§ **Task goal**:
Lines from the one containing "Vue plongeante du" through the last line of the data are to be returned exactly, both ends included, minus any pictures.

§ **Stored data**:
_ _ _ _ _

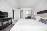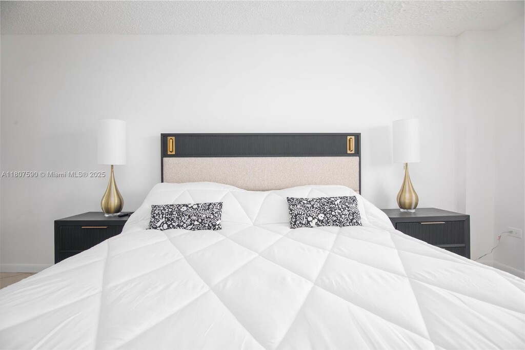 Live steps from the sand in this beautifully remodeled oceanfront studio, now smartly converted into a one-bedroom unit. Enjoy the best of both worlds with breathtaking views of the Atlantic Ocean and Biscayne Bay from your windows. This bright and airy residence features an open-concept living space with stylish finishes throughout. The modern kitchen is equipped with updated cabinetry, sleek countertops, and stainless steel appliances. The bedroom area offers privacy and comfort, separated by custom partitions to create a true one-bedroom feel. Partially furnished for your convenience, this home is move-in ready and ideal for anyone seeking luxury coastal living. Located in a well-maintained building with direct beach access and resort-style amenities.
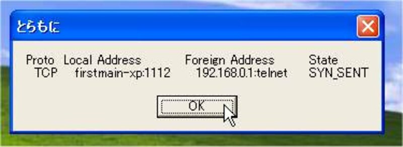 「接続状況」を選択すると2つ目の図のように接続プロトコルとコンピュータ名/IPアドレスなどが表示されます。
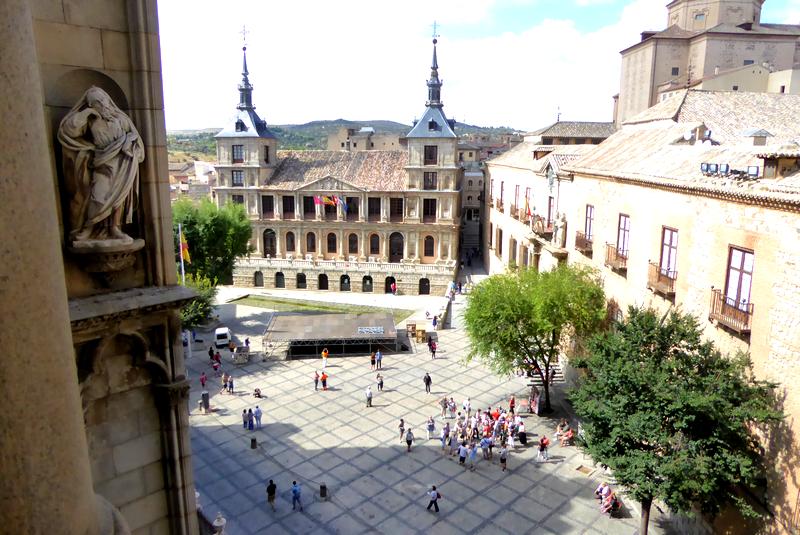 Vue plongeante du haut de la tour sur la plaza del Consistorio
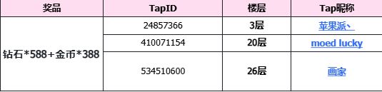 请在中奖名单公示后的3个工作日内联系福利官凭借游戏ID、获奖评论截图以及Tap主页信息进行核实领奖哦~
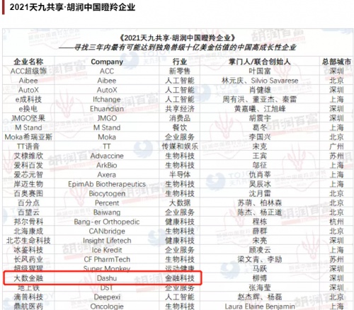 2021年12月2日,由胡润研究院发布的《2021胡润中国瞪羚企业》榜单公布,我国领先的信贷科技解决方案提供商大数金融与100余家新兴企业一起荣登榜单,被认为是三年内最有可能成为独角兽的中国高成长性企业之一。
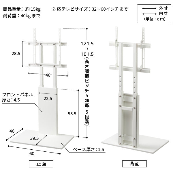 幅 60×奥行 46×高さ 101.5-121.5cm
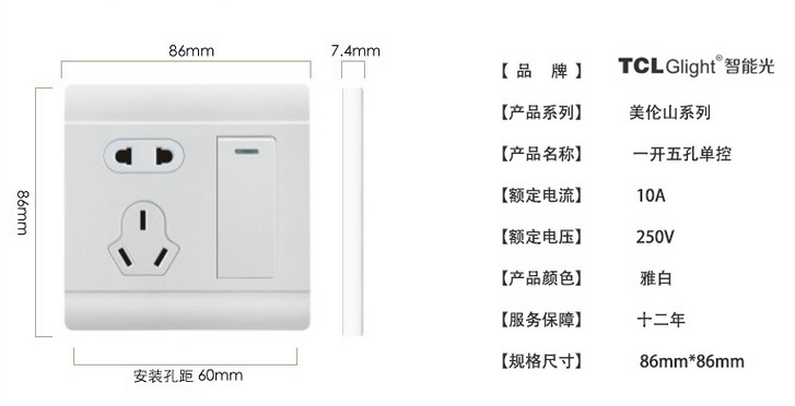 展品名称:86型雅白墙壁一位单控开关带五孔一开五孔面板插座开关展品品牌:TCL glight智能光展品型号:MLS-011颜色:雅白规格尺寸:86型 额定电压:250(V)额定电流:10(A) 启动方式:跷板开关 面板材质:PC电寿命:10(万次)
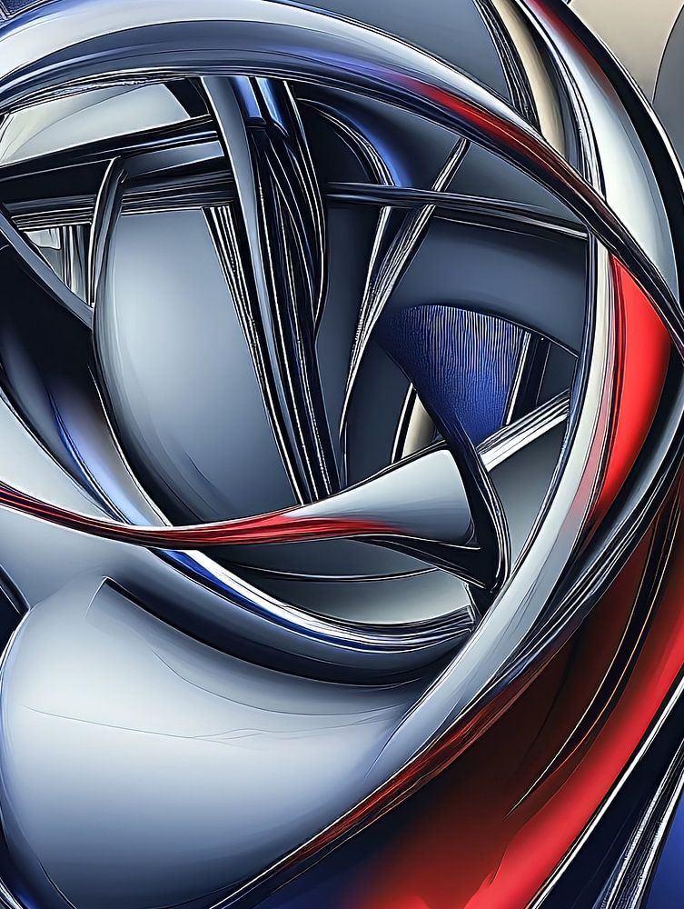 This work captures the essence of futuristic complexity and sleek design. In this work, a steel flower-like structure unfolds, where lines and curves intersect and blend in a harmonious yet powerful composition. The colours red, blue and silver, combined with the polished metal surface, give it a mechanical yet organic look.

_ _ _ _ _

§ **Output below**:
 Vue plongeante du haut de la tour sur la plaza del Consistorio
 请在中奖名单公示后的3个工作日内联系福利官凭借游戏ID、获奖评论截图以及Tap主页信息进行核实领奖哦~
 2021年12月2日,由胡润研究院发布的《2021胡润中国瞪羚企业》榜单公布,我国领先的信贷科技解决方案提供商大数金融与100余家新兴企业一起荣登榜单,被认为是三年内最有可能成为独角兽的中国高成长性企业之一。
 幅 60×奥行 46×高さ 101.5-121.5cm
 展品名称:86型雅白墙壁一位单控开关带五孔一开五孔面板插座开关展品品牌:TCL glight智能光展品型号:MLS-011颜色:雅白规格尺寸:86型 额定电压:250(V)额定电流:10(A) 启动方式:跷板开关 面板材质:PC电寿命:10(万次)
 This work captures the essence of futuristic complexity and sleek design. In this work, a steel flower-like structure unfolds, where lines and curves intersect and blend in a harmonious yet powerful composition. The colours red, blue and silver, combined with the polished metal surface, give it a mechanical yet organic look.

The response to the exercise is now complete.